“Stop the domestic violence” is a message that worldwide campaigns try to convey, with the purpose of raising awareness as well as educating the public about specific negative consequences of abusive behavior.
Unfortunately, the message is not well understood by everyone. Global statistics present dramatic figures: 35% of women have experienced physical/emotional/sexual abuse by a non-partner at least once in their lives, whereas 70% of women experience more than once a form of abuse either from their partner or family members. Certainly, these percentages are only a collection of the reported cases as it is estimated that the number of domestic abuses is higher than the official data.
Causes of Domestic Violence
I would assume that we could all agree that a lack of common sense, humanity, and respect are the main reasons that lead an individual to physically, emotionally or sexually abuse another person.
But understanding the issue from different perspectives, one can identify alternative causes:
- Culture: Sadly, in the 21st century, there are still cultures that do not see a problem with abusing a woman and in fact, such behaviors are socially accepted. Due to the cultural norms, violence is promoted and encouraged as a form of resolving conflicts or as a usual form of emotional expression.
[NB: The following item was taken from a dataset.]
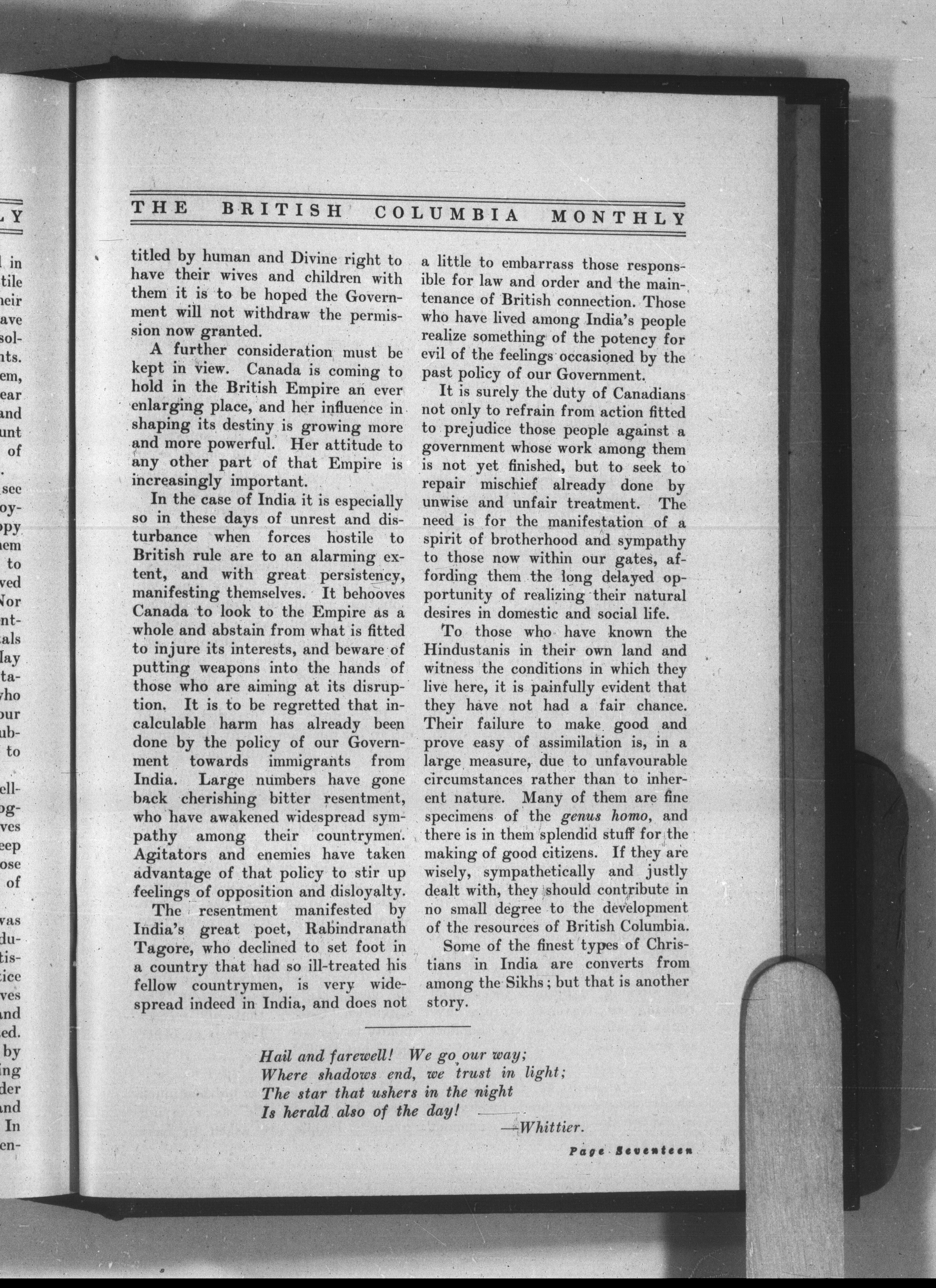 British Columbia monthly : Vol. XV, No. 1 (April 1919)

Consequently, such acceptance and tolerance of violence is transmitted to the next generations, who are prone to adopt the same form of “communication”
- Conformism: Most of the cases of domestic violence remain unknown as a result of women’s conformism to their cultural norms. Thus, they feel that by reporting the abuse, they may actually violate the norms. Nevertheless, conformism is not always related to the fear of breaking the norms, but also a result of external and internal pressures. The fear that one could be socially rejected or stigmatized, lead many women to accept violence as part of the tradition.
- Toxic Personality or Psychological Disorders: Low-self esteem, extreme and unjustified jealousy, a desire for control and domination are few of the traits that abusers hold. Either they have been a victim of abuse in the past, they witnessed or lived in an environment that promoted violence or they have an undiagnosed psychological disorder, domestic violence is practiced as a consequence of individual factors.
- Alcohol and Drugs: A constant misuse of toxic substances can significantly affect judgment and neurological activity. As such, a person under the effect of alcohol/drugs has poor control on his/her violent impulses and awareness of his/her unpredictable behavior.
Effects of Domestic Violence
The ultimate effect of domestic violence is death. The statistic data is as worrying as the above-mentioned ones, suggesting that half of the global deaths amongst women in the half-decade were a result of domestic violence.
Yet, the long-term effects of domestic violence are as disastrous as death.
- Depression & Anxiety are directly linked to the severity of the abuse. Often a woman who experiences abuse does not openly discuss the conflict. Thus, she isolates herself mostly due to the fear of what may successively happen if she reports it. The second factor that triggers depression is the inability of seeing a solution and accepting abuse as the only way of living. Most abused women do not receive support from families or community, especially in a culture where women are expected to obey their husbands. Nevertheless, even when support is available, women do not report the abuse as they live in denial. They tend to blame themselves for being the cause of the conflict between them and the partner, refusing to see the gravity of their situation. It often happens when the victim is emotionally controlled and feels that a possible breakup would only worsen her situation.
- Low self-esteem, Self-doubt: Generally abusers tend to minimalize victim’s qualities through threats and verbal abuse, which makes the victim feel vulnerable and fearful. As mentioned above, the victim sees no solution or way out of the situation as her confidence in her ability to live separately and independently from the abuser, diminishes.
- Physical Changes: Besides bruises, an abuse can have a great impact on body’s functions. Thus, insomnia or constant fatigue, poor cognitive and memory functions, shortness of breath, uncontrollable shaking and menstrual dysfunction are only the main and perhaps, the common physical effects of domestic abuse.
Preventing Domestic Violence
It is essential that the governments work closely and effectively with organizations that specialize in preventing abusive behaviors. By implementing stricter laws, creating more supportive centers, women would perhaps have more courage to leave a toxic relationship sooner.
Additionally, schools play an important role in forming future adults by shaping students’ intrapersonal skills since education can be a powerful organization that could challenge harmful beliefs, and motivate individuals to form healthy relationships or recognize the abusive ones.
A second influential mean that could address domestic violence is media. Radio, television, and booklets accompanied by informational programmes could promote safe dating and prevention of violence to a larger population.
Last, but not least, domestic violence is a matter that regards us all. No human being deserves being mistreated, deprived of freedom or offended in any possible way. If you identify any of the above signs as being a result of domestic abuse, report it! Remember that victims of abuse are afraid or in denial and therefore, they may have been abused longer than you may be aware.
If you think that you can approach the person and discuss their concerns, give your support and guide them to local professionals that will further investigate the case.